Bake and shark is a traditional fast food dish of Trinidadian cuisine prepared using fried flatbread, shark meat and additional ingredients. It is a classic street food dish that is sold at a multitude of food stalls and cookshops all over Trinidad and Tobago.

== Preparation ==
It consists of a fried flatbread ("bake") filled with fried pieces of shark meat and various other ingredients and sauces. Before frying, the shark meat is either seasoned with a herb blend and breaded, or marinated in a mix of lemon juice, onion, garlic, thyme and Capsicum chinense. Popular additional ingredients are lettuce, coleslaw, tomatoes or pineapple; liquid condiments commonly used are mustard, ketchup, garlic sauce, chili sauce or a sauce made from culantro. In Trinidad, bake and shark is widely associated with Maracas beach on the Northern coast as it features a multitude of bake and shark stands, and the needed shark is caught in the offshore surf.

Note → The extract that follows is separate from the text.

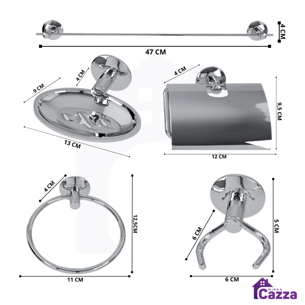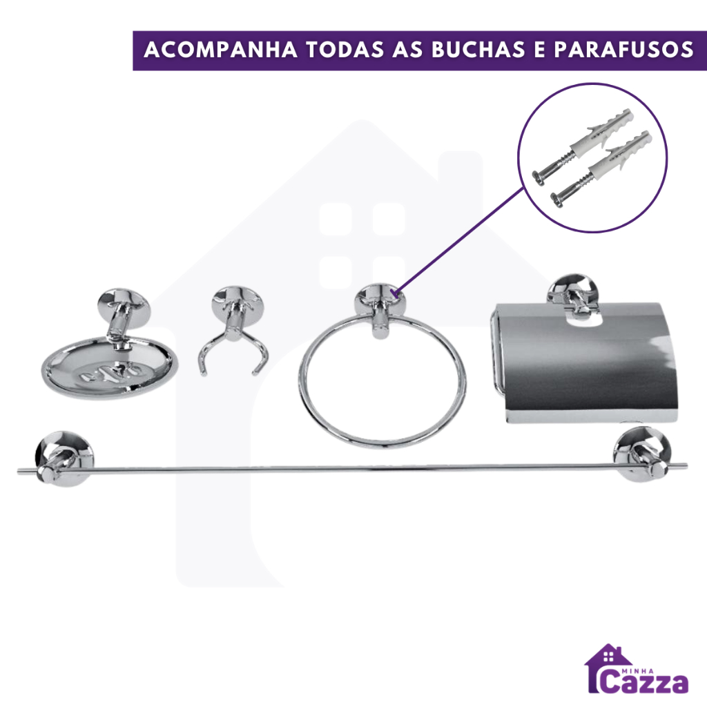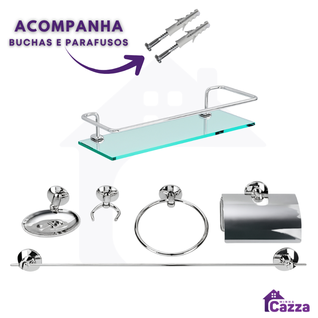 Kit Acessórios para Banheiros 6 peças com Porta Shampoo Reto Acompanha Parafusos

== Environmental problems ==
As apex predators, sharks are of high importance for the ocean as an ecosystem. Through overfishing, many shark species are endangered. Apart from ethical problems this also causes economic problems as the demand for shark meat in Trinidad cannot be covered any more. Often catfish and ray are used as substitutes and are declared incorrectly. In return, bake and shark stalls sometimes advertise for using shark meat instead of cheaper alternatives.